Kentucky employers may need to reconsider how they implement employee arbitration agreements after a Supreme Court of Kentucky decision issued late last month.
In a unanimous opinion rendered September 27, 2018, the Court held in Northern Kentucky Area Development District v. Danielle Snyder, No. 2017-SC-000277-DG, that Kentucky employers may not require employees to sign arbitration agreements as a condition of their new or continued employment. The decision makes Kentucky the first state in the nation to prohibit employers’ use of mandatory arbitration agreements as a condition of employment.
The Case
The decision arose from a lawsuit brought against the Northern Kentucky Area Development District (the “District”), a state agency, by one of its former employees. As a condition of her employment, the employee had been required to a sign a binding arbitration agreement in which she agreed to submit any employment-related disputes with the District to binding arbitration.
When the employee later sued the District in state court asserting various employment-related claims, the District moved to enforce the arbitration agreement. Both the trial court and the Court of Appeals held that the arbitration agreement was unenforceable. The Supreme Court of Kentucky then granted discretionary review to consider the principal legal issue: whether the Federal Arbitration Act (“FAA”) preempts (and effectively nullifies) Kentucky Revised Statute 336.700, which prohibits employers from requiring employees to sign arbitration agreements as a condition of employment.
The Court held that the FAA does not preempt KRS 336.700, and observed that the FAA “preempts any state rule discriminating on its face against arbitration—for example, a ‘law prohibit[ing] outright the arbitration of a particular type of claim.’” However, the Court reasoned that KRS 336.700 does not “actually attack, single out, or specifically discriminate against arbitration agreements.” Instead, the statute “simply prevents [employers] from conditioning employment on the employee’s agreement to arbitration.”
Thus, because the “statute only proscribes conditioning employment on agreement to arbitration, not the act of agreeing to arbitration,” the Court concluded that the statute was not preempted by the FAA. In so holding, the Court did not limit its decision to only public sector agreements, but instead extended the ruling to all such arbitration agreements in the state.
What This Means for Employers
The District has filed a petition asking the Supreme Court of Kentuckyto reconsider its decision, so the ruling is not operative until that petition is ruled upon.
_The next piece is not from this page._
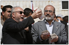 Galloway handing over cash to Ziad al Zaza of Hamas in Gaza, March 2009

If that petition is unsuccessful, the District may appeal the decision to the U.S. Supreme Court. Importantly, the Supreme Court of Kentucky’s decision appears to conflict with recent U.S. Supreme Court precedent upholding the FAA’s broad preemptive effect. See, e.g., Kindred Nursing Centers Ltd. Partnership v. Clark, 137 S.Ct. 1421 (2017). Previous decisions from federal courts in Kentucky similarly suggest that the U.S. Supreme Court would likely resolve the question in favor of arbitration. See Johnson v. Career Sys. Developments, 2010 U.S. Dist. LEXIS 4052, **3-4 (W.D. Ky. Jan. 19, 2010). The District may also ask the Kentucky General Assembly to craft new legislation to avoid conflicts.
Assuming the Snyder decision becomes and remains good law, Kentucky employers should review their hiring practices if arbitration agreements are a standard condition of initial or continued employment. In light of Snyder, employers with arbitration agreements should be more proactive about enforcement strategies. Every opportunity should be taken to initiate litigation in federal court, or to remove litigation from state to federal court, to ensure that there is a favorable forum for arbitration agreements to be enforced. Federal courts are not bound by the Supreme Court of Kentucky’s interpretation of federal preemption principles, and are more likely to apply the Federal Arbitration Act broadly in favor of compelling arbitration – notwithstanding KRS 336.700 and Snyder.